Помимо всего прочего, Пурим в 2012 году пришелся на 8 марта. Сколько грустной символики в том, что большой ценитель женщин и великий острослов-юморист ушел именно в такой день.
Русская Википедия называет Леонида Мациха «российский философ и теолог». Ну, такое. Я не поленился подсчитать, что из неполных 58 лет своей жизни он прожил в Украине 36 лет, в России – 16 лет, 4 года – в Израиле и 2 года – в США. Леонид родился в Киеве, вырос и получил образование в Запорожье, служил в армии в Ковеле, потом снова жил в Запорожье, его предпоследним в жизни местом жительства был родной Киев, где он пять лет работал проректором Международного Соломонова университета по иудаике и международным связям.
Здесь к месту еще одна цитата из Светланы Бабкиной: «Он любил жизнь.

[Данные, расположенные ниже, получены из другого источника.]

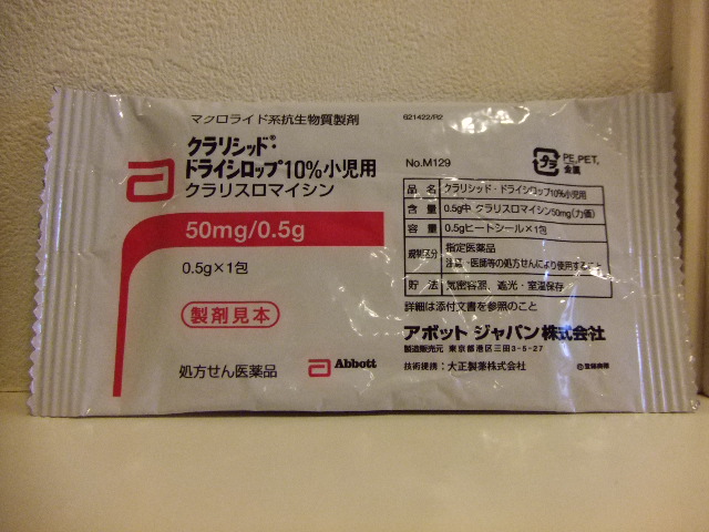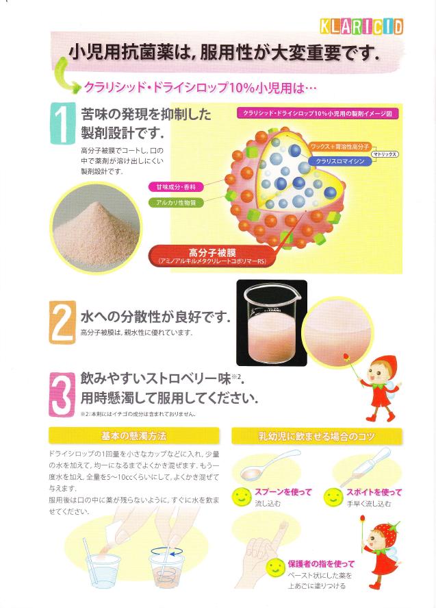 クラリス/クラリシッドドライシロップ10%小児用が美味しくなるということで、ご案内をいただきました。前回の変更が2006年6月ですので、約3年ぶりの変更ということになります。

Любил людей. Любил разные города. Родившись в Украине, он жил во многих местах в разных странах, и каждый из городов находил отклик в его душе, делая его «человеком мира».
После его ухода я написал некролог для запорожской газеты «Запорозька Січ» под заголовком «Парень с Центрального Бульвара». На этой улице в Запорожье мы жили по соседству…
В принципе, информации о Леониде Мацихе в Интернете более чем достаточно. Его ученики, поклонники и последователи (преимущественно – ученицы, поклонницы и последовательницы) создали сайт «Архивы Леонида Мациха» (http://www.luckymirror.ru/), а также собрали и оцифровали множество его лекций, которые выложили в YouTube. То есть, при желании узнать о нем и приобщиться к его мудрости и лекторскому мастерству можно без проблем.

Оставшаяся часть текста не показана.